Problem requirements:
Starting at the line containing "useful scale generally." and ending at the line containing "Het Reuvers Mannenkoor", transcribe the listing below exactly. Keep both end lines, skip the pictures, and copy nothing else.

Data for the task:
────────────────────

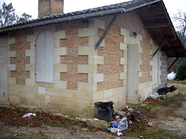 Merci pour vos réponses. J'ai trouvé différentes photos ici : http://tinyurl.com/yks55p4 mais il est effectivement difficile de se prononcer sur une photo. Je vais donc aller à la carrière de Frontenac pour avoir l'avis d'un professionnel. Sinon, qu'est-ce qui vous fait penser qu'il s'agit d'une construction récente (je parle bien sur de la partie Pierre et briques et non de la petite extension en parpaings de mâchefer construite à côté) ? -
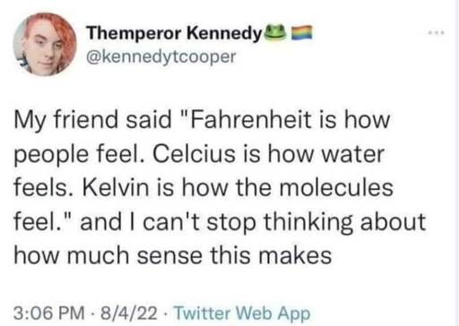“Fahrenheit is how people feel” only makes sense if said people have never used another scale. You know how 100F “feels” because that’s what you use. If you used Celsius you’d know how that scale feels instead, and be used to using the more useful scale generally.
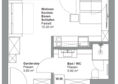 1 Küche/Essen/Wohnen/Schlafen • 1 Bad/WC • 1 Vorraum
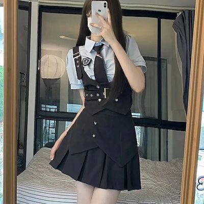 涼しく楽ちんセットアップ 夏服 セットアップ ジャージ 上下セット半袖 レディース 韓国ファッションッ jk制服学院風グレー収納ウエスト痩せベスト半袖シャツプリーツスーツ夏 レディース
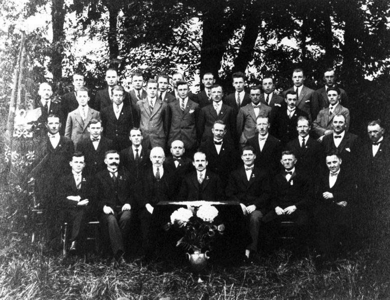 Het Reuvers Mannenkoor 1933 bij het dertigjarig bestaan. Zittend: Joep Paquay, Handrie Mobers, E. Hermans (dirigent), Willem Görtz (voorzitter), H. Konings, Fried Houwers, H. van Lieshout. 1e rij: Frits Niemans, Frans Erdkamp, Leike Wolters, Baerke Steeghs, Hein Peulen, Willem Naus, Maan Naus, Bert Peeters, Sjang Geelen. 2e rij: Graet Heinen, Sjors Paquay, Toën Houwers, Piet Roets, Thei Veldman, Willem Levels, Sef Houwers, Willie Wolters en Sjra Wolters. 3e rij: Guus Levels, Albe Meer ... |
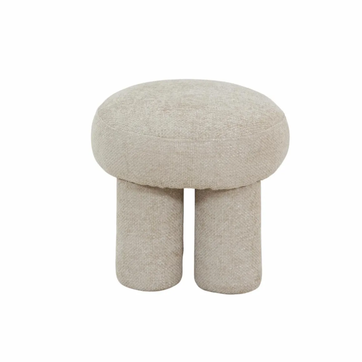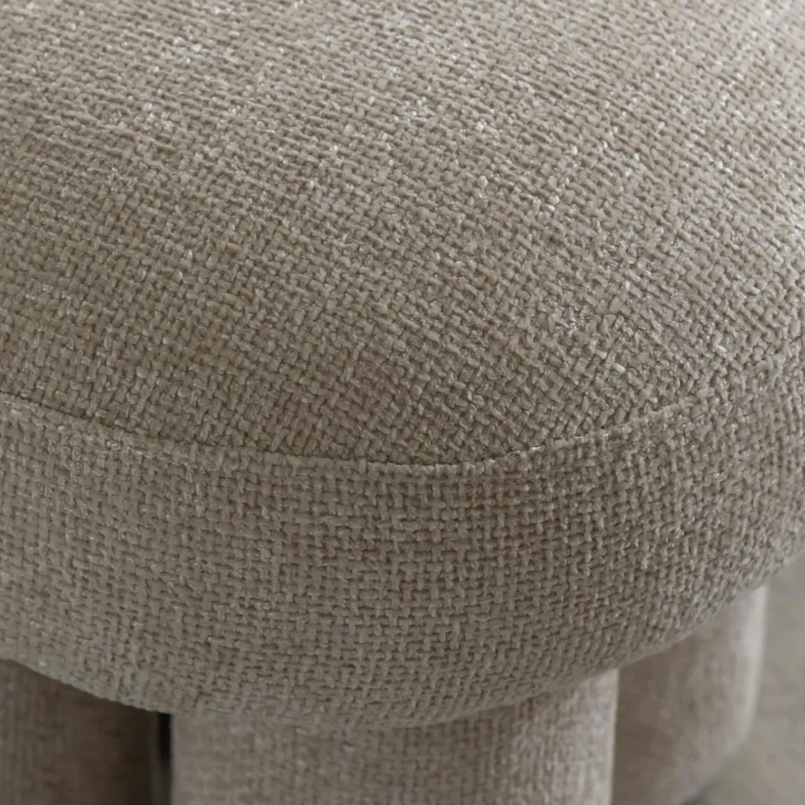 Ce petit tabouret en tissu écru attire le regard par son design original et arrondi. Son revêtement doux et texturé apporte une touche cosy et élégante, tandis que sa forme sculpturale lui donne une allure moderne et ludique. Compact et plein de caractère, il s’intègre facilement dans différents styles d’intérieur, du contemporain au bohème.
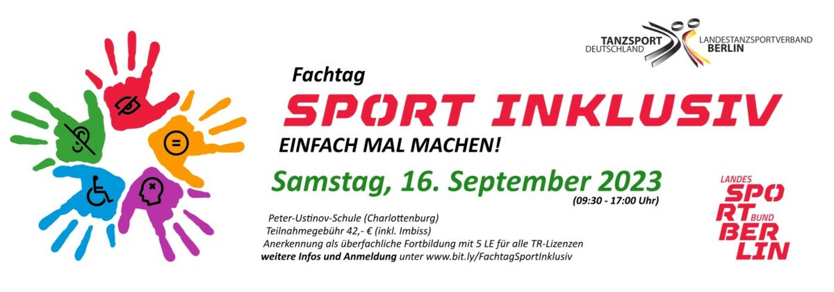 Erstmals beteiligt sich der Landestanzsportverband Berlin sich am Fachtag "Sport inklusiv" des Landessportbund Berlin. Dort können auch alle Lizenzträger*innen des Tanzsports bis zu fünf Lerneinheiten im überfachlichen Bereich für den Lizenzerhalt anerkannt bekommen. Insgesamt werden am 16. September (9:30 bis 17:00 Uhr) mehr Lerneinheiten angeboten und man kann auch bei anderen Sportarten Impulse für Inklusion kennen lernen – mehr Infos. Der Anmeldeschluss wurde bis zum 10. September (Sonntag) verlängert.
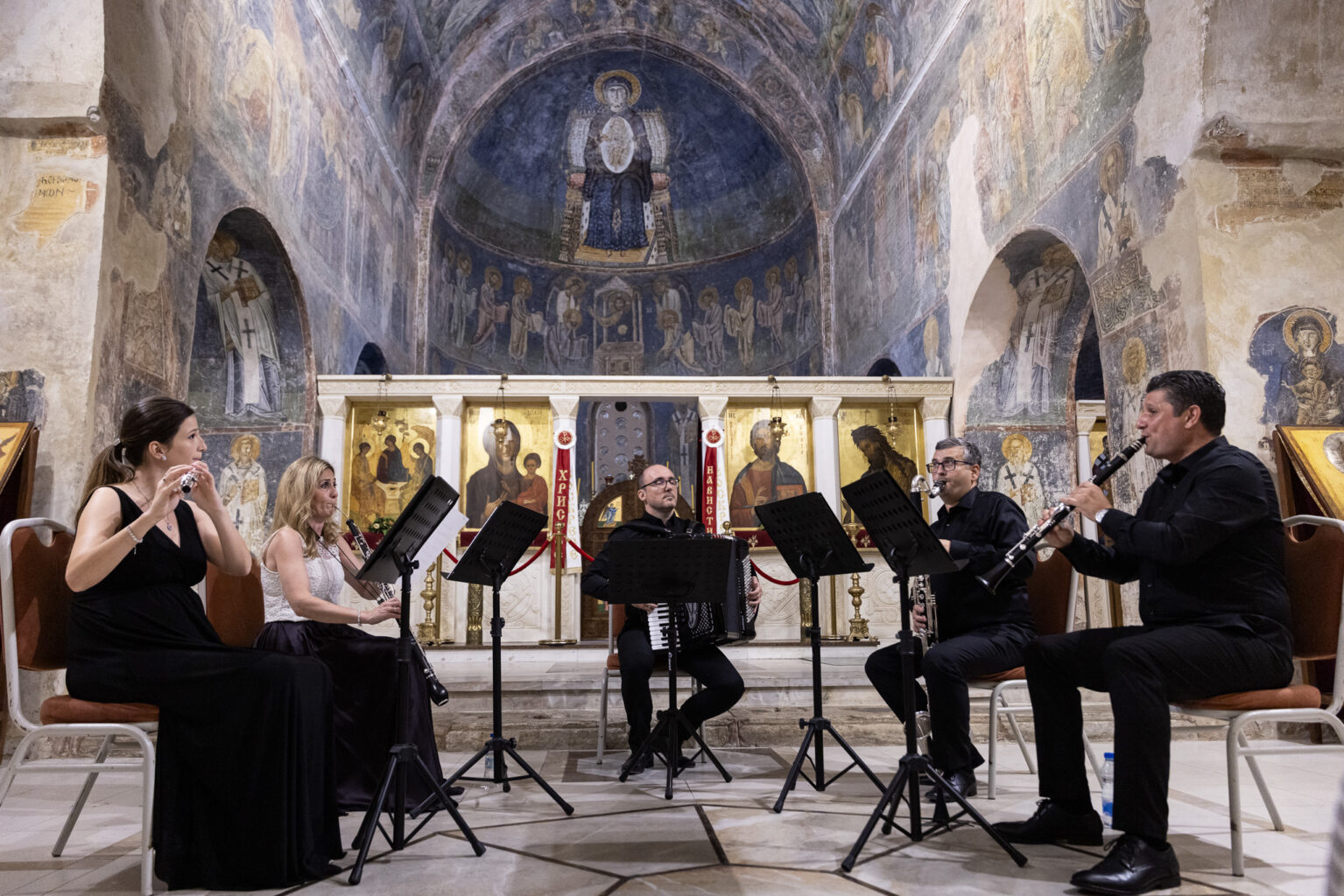 Камерниот ансамбл „Консонанс“ со концертот „Мозаик“ вчеравечер се претстави пред публиката на фестивалот „Охридско лето“. Извонредните уметници, флејтистката Елена Дојчинова, Маја Чанаќевиќ која свири на англиски рог, кларинетистот Здравко Ангелов, Сашо Темелковски на бас-кларинет и Дарко Илиевски на хармоника кои се и професионални музичари во Македонската филхармонија, ја збогатија фестивалската програма на класична музика со дела напишани од македонски композитори.

────────────────────

Answer space:
“Fahrenheit is how people feel” only makes sense if said people have never used another scale. You know how 100F “feels” because that’s what you use. If you used Celsius you’d know how that scale feels instead, and be used to using the more useful scale generally.
 1 Küche/Essen/Wohnen/Schlafen • 1 Bad/WC • 1 Vorraum
 涼しく楽ちんセットアップ 夏服 セットアップ ジャージ 上下セット半袖 レディース 韓国ファッションッ jk制服学院風グレー収納ウエスト痩せベスト半袖シャツプリーツスーツ夏 レディース
 Het Reuvers Mannenkoor 1933 bij het dertigjarig bestaan. Zittend: Joep Paquay, Handrie Mobers, E. Hermans (dirigent), Willem Görtz (voorzitter), H. Konings, Fried Houwers, H. van Lieshout. 1e rij: Frits Niemans, Frans Erdkamp, Leike Wolters, Baerke Steeghs, Hein Peulen, Willem Naus, Maan Naus, Bert Peeters, Sjang Geelen. 2e rij: Graet Heinen, Sjors Paquay, Toën Houwers, Piet Roets, Thei Veldman, Willem Levels, Sef Houwers, Willie Wolters en Sjra Wolters. 3e rij: Guus Levels, Albe Meer ... |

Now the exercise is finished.